■ How to complete this task: Go to the line below that has "For Honor 300", print it and each line after it exactly, and stop after the line that has "Cold sun in the winter cloudy sky."; leave out pictures.

■ Task input:
◇ ◇ ◇
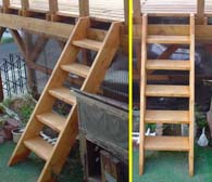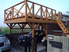 <上の画像が手すり階段関係> 階段は2*8で作成。手すりを今回2*6とし、チョット高級な雰囲気を狙っています。 風が強い立地条件のため、今回フェンスはラティスでは無く2*4の「×」で面積を減らして います。(コストも減りますし) |
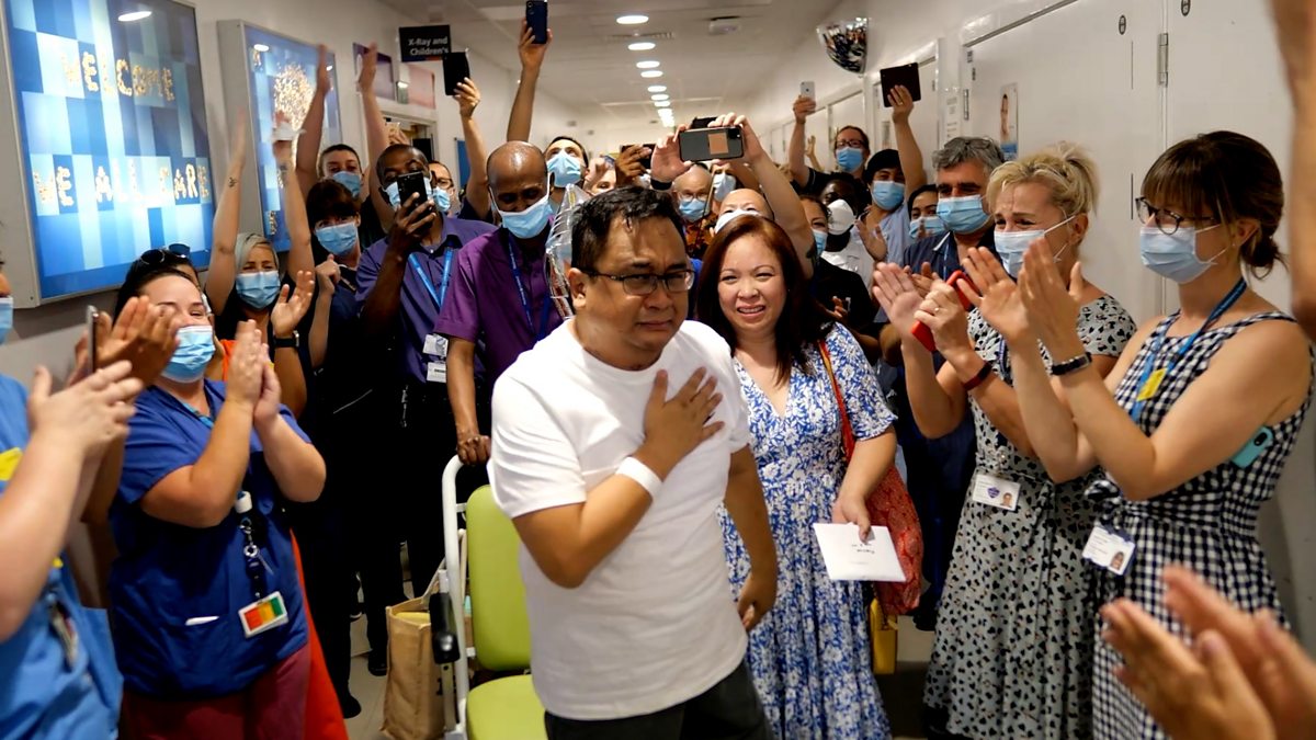 Watch the moment A&E nurse Franco Palo was given a standing ovation by his colleagues as he left hospital after a nine week battle with coronavirus.
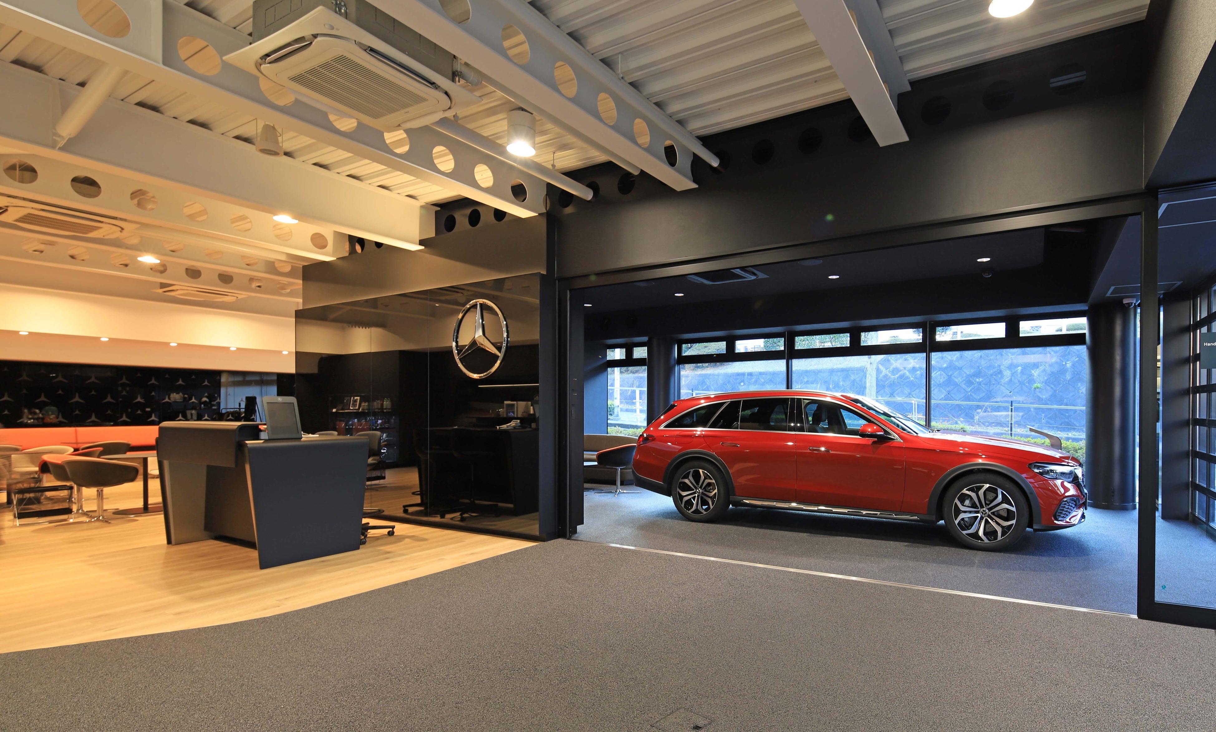 大型ビジョンを配置するなど最新設備が整ったショウルームは、新車7台を展示。納車説明を行う「ハンドオーバー」も有しています。また、14ベイと検査ラインから成るサービスワークショップは、最新の設備で整備品質を高めてお客さまの安心で快適なカーライフをサポートします。
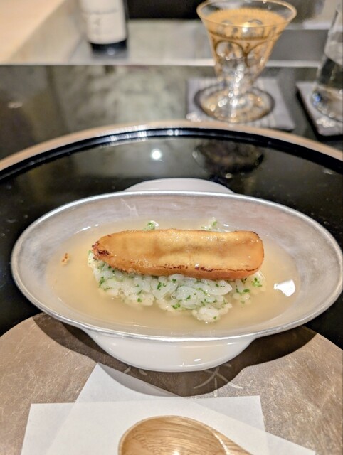 アワビ肝ソースにウニリゾット
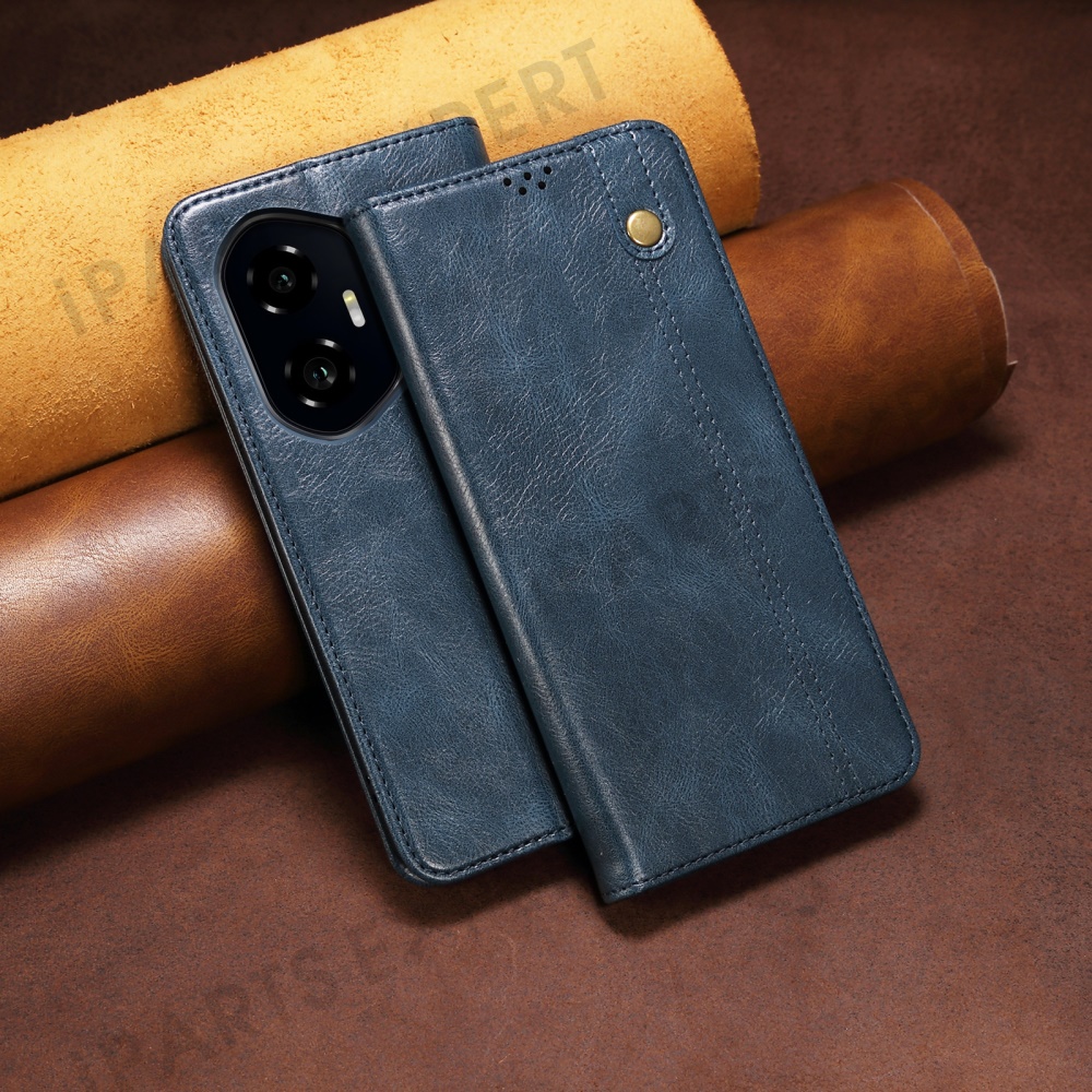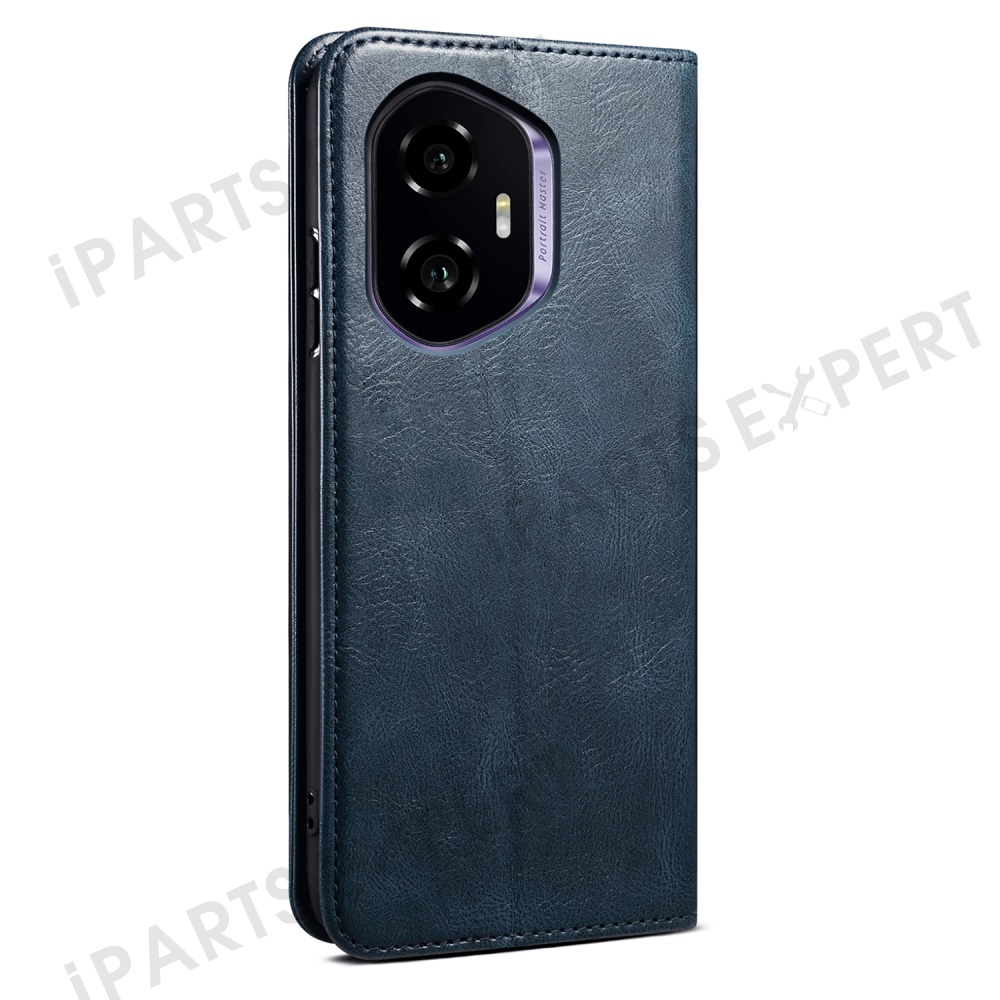 For Honor 300 Case Crazy Horse Texture Waxy Leather Wallet Stand Phone Cover - Blue
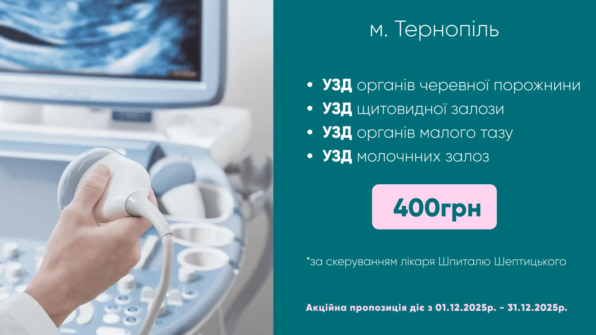 Деталі АкціїТурбота про себе — це легко! Скористайтесь знижкою на УЗД за скеруванням сімейного лікаря Шпиталю Шептицького.Не відкладайте своє здоров’я!...
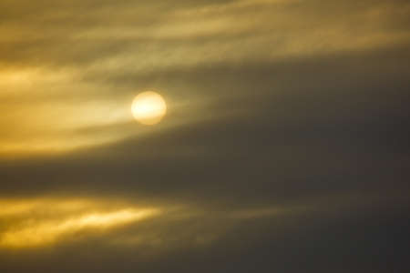 Cold sun in the winter cloudy sky.
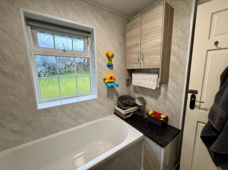 Window to rear, wet wall panelling, panel bath with electric shower above, Bi-fold shower screen, vanity wash hand basin, 2 wall units (1 housing immersion heater), heated towel rail/radiator, laminate flooring.
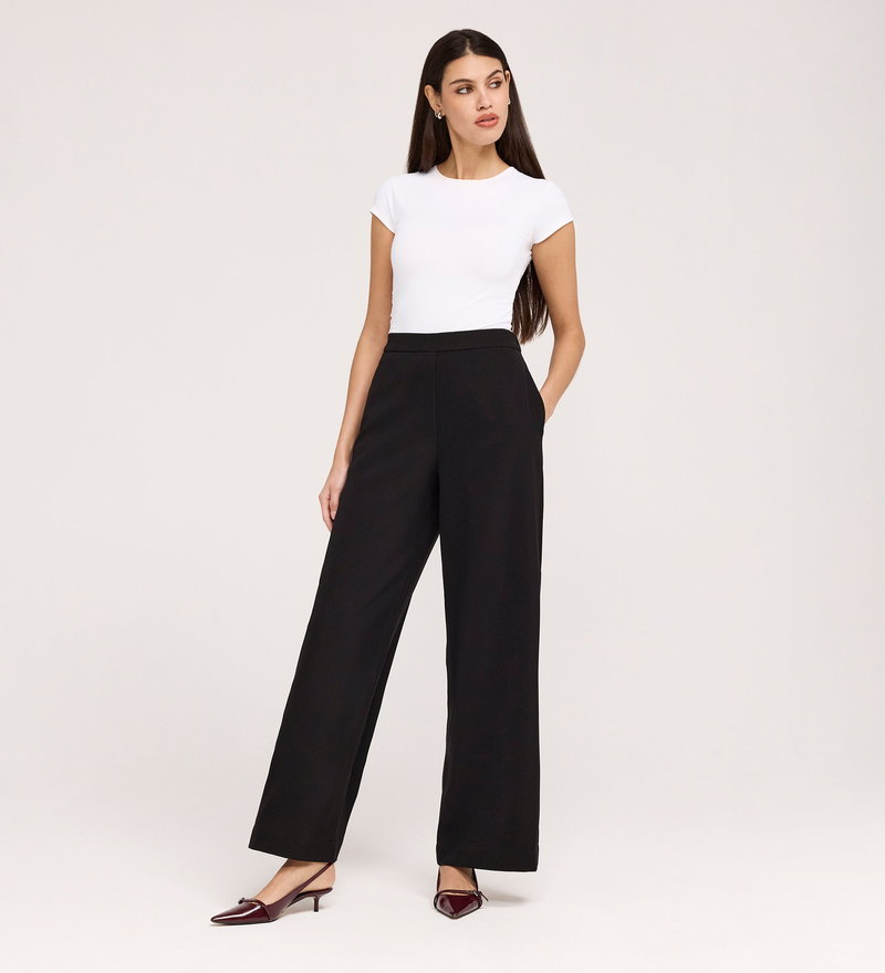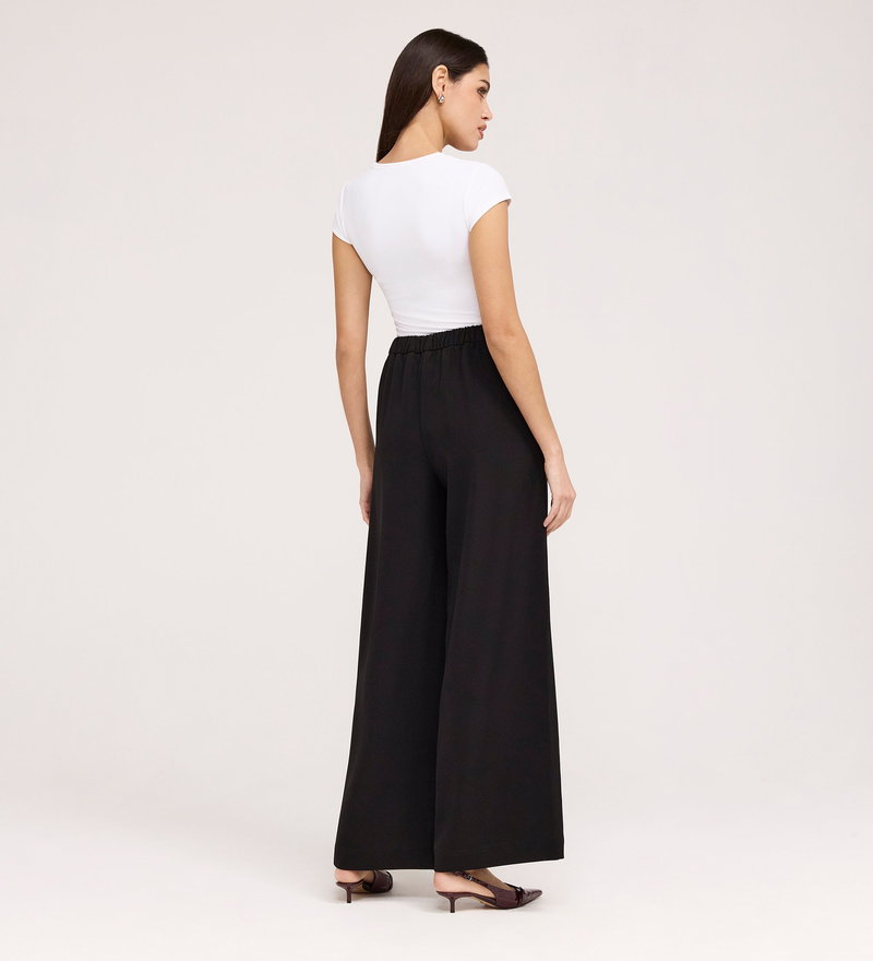 Nat Black Gaberdine Twill Wide Leg Trousers
◇ ◇ ◇
■ Result below:
 For Honor 300 Case Crazy Horse Texture Waxy Leather Wallet Stand Phone Cover - Blue
 Деталі АкціїТурбота про себе — це легко! Скористайтесь знижкою на УЗД за скеруванням сімейного лікаря Шпиталю Шептицького.Не відкладайте своє здоров’я!...
 Cold sun in the winter cloudy sky.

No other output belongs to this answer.